Whitehead Kimberley, O'Sullivan Suzanne, Walker Matthew
Sir Jules Thorn Telemetry Unit, National Hospital for Neurology and Neurosurgery, London WC1N 3BG, UK.
Department of Clinical Neurophysiology, National Hospital for Neurology and Neurosurgery, London WC1N 3BG, UK. Electronic address: Suzanne.O'
Epilepsy Behav. 2015 May;46:246-8. doi: 10.1016/j.yebeh.2015.01.017. Epub 2015 Apr 18.
We sought to determine the percentage of patients undergoing presurgical assessment that had both psychogenic nonepileptic seizures (PNESs) and epileptic seizures (ESs) captured within our telemetry unit and how this affected progression to surgery and describe eventual outcomes in patients with a history of mixed PNESs/ESs who underwent surgery.

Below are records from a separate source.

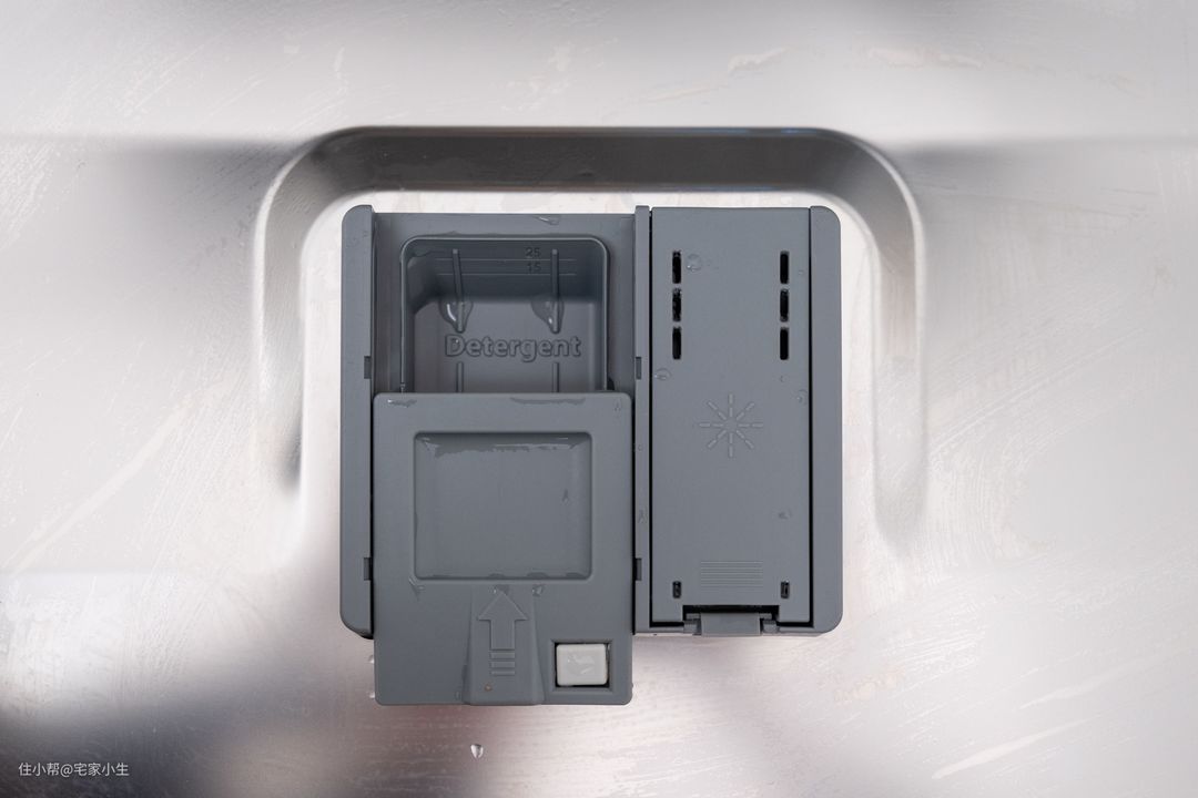值得一提的是慧曼独特的宝宝除菌系统,先是加热到75℃高温保持煮洗20分钟之久,一边煮洗一边除菌,有意思的是为了保证宝宝餐具的安全,分配器保证其中的洗碗粉、亮碟剂绝对不会出现外漏的情况,这也是专门针对宝宝餐具所特别设计的一个功能。
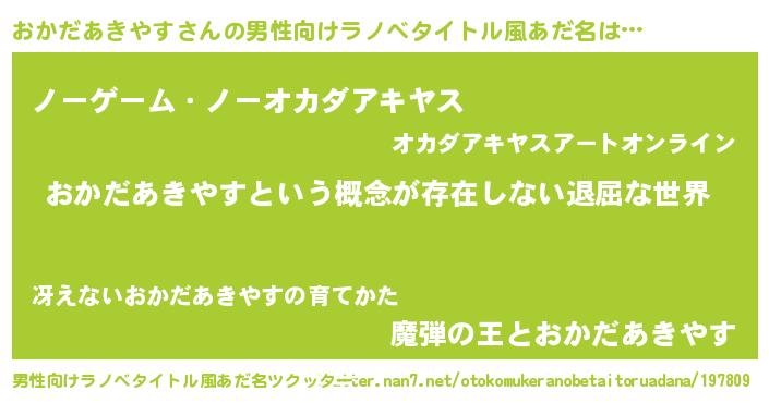 | 意味不明あだ名 | 『永久保存おかだあきやす』 |
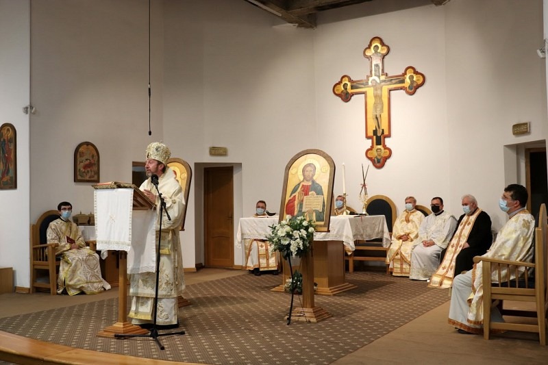 Liturghia a fost pontificată de către Preasfinția Sa PS Claudiu, Episcopul de Cluj-Gherla, având alături pe pr. Cristian Barta, decan al Facultății de Teologie Grego-Catolică, pr. Marius Cerghizan, Vicar general, preoți cadre universitare – pr. Florin Bozântan, pr. Cristian Langa și pr. Marius Furtună, rector al Seminarului Teologic Eparhial „Sf. Ioan Evanghelistul”. Diaconi au fost dc. Marius Cîmpean și dc. Vlăduț Pupăză. Răspunsurile liturgice au fost oferite de studenții seminariști.
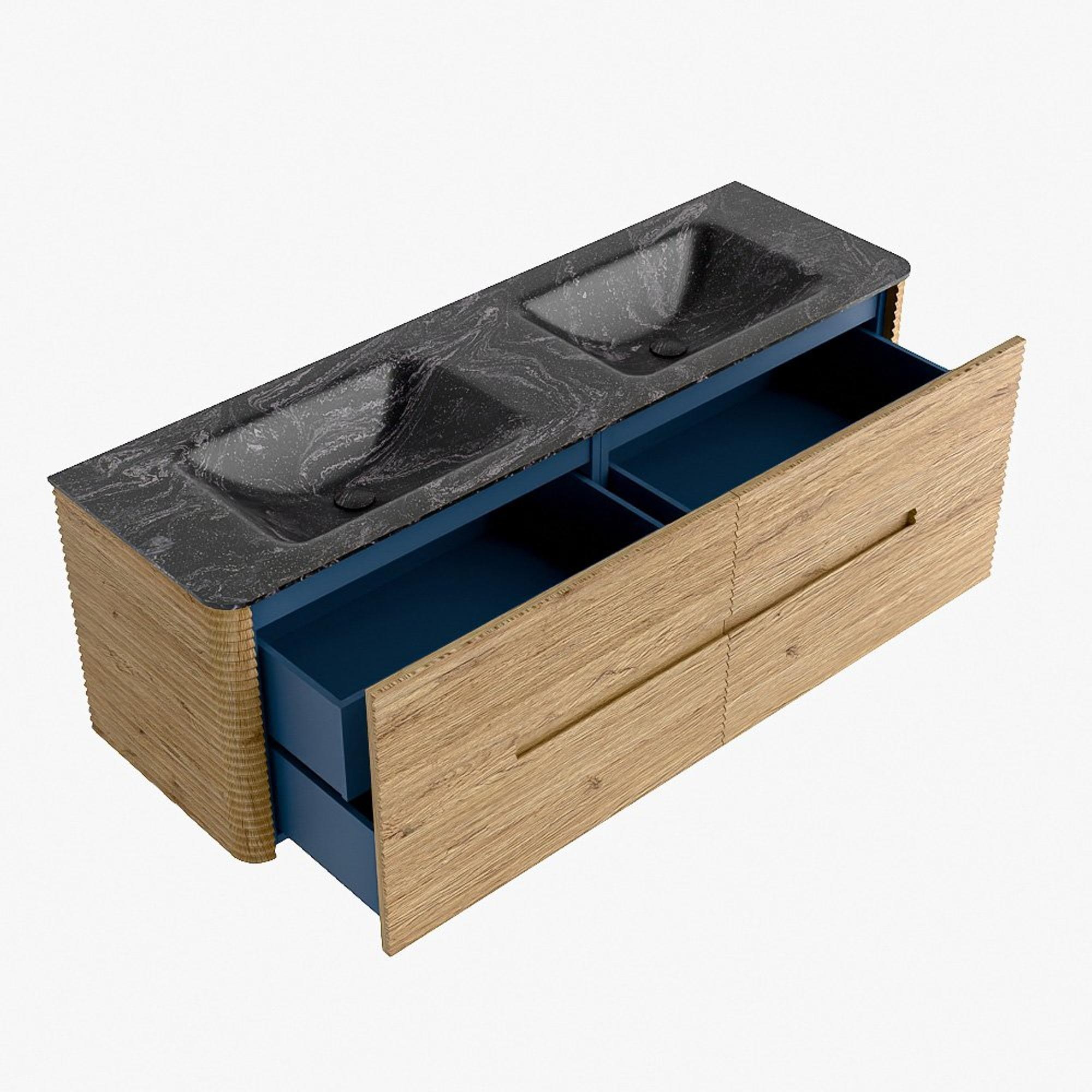 Mondiaz CIRO-DLUX Badkamermeubelset - 150x45x50cm - Solid surface wastafel Lava - 2 wasbak Dubbel - zonder kraangaten - 4 lades - Oak

To determine what happened to patients who had PNESs recorded during a presurgical workup, we reviewed the records of 725 patients admitted to our telemetry unit for presurgical assessment between 2007 and 2013 and identified those with PNESs and ESs recorded. To determine outcomes postsurgery in operated patients who had mixed PNESs/ESs, we also reviewed the records of 519 patients who had had epilepsy surgery between 1999 and 2012 and identified those within this group who also had PNESs prior to surgery.
Nineteen of the 725 patients had PNESs captured during their presurgical telemetry along with ESs captured on either this or a previous study. Four of these patients were ultimately offered surgery. Nine of the 519 patients with a history of PNESs underwent epilepsy surgery. At 1 to 5years of follow-up (mean: 4.1years) of those nine patients, five were still having ESs and three patients had worsening or new-onset PNESs. At the last follow-up, four had had a worthwhile improvement.
This study suggests that recent outcomes for people with mixed PNESs/ESs are not as promising as previously described and that PNESs should remain a relative contraindication for surgery.
我们试图确定在我们的遥测病房中进行术前评估的患者中,同时出现精神性非癫痫性发作(PNES)和癫痫性发作(ES)的患者比例,以及这如何影响手术进展,并描述有混合性PNES/ES病史且接受手术的患者的最终结局。
为了确定在术前检查期间记录到PNES的患者的情况,我们回顾了2007年至2013年间入住我们遥测病房进行术前评估的725例患者的记录,并确定了记录到PNES和ES的患者。为了确定有混合性PNES/ES的手术患者术后的结局,我们还回顾了1999年至2012年间接受癫痫手术的519例患者的记录,并确定了该组中术前也有PNES的患者。
725例患者中有19例在术前遥测期间记录到PNES,同时在本次或之前的检查中记录到ES。其中4例患者最终接受了手术。519例有PNES病史的患者中有9例接受了癫痫手术。对这9例患者进行1至5年的随访(平均4.1年),5例仍有ES,3例PNES病情加重或出现新的发作。在最后一次随访时,4例有显著改善。
本研究表明,近期混合性PNES/ES患者的结局并不像之前描述的那样乐观,PNES应仍然是手术的相对禁忌证。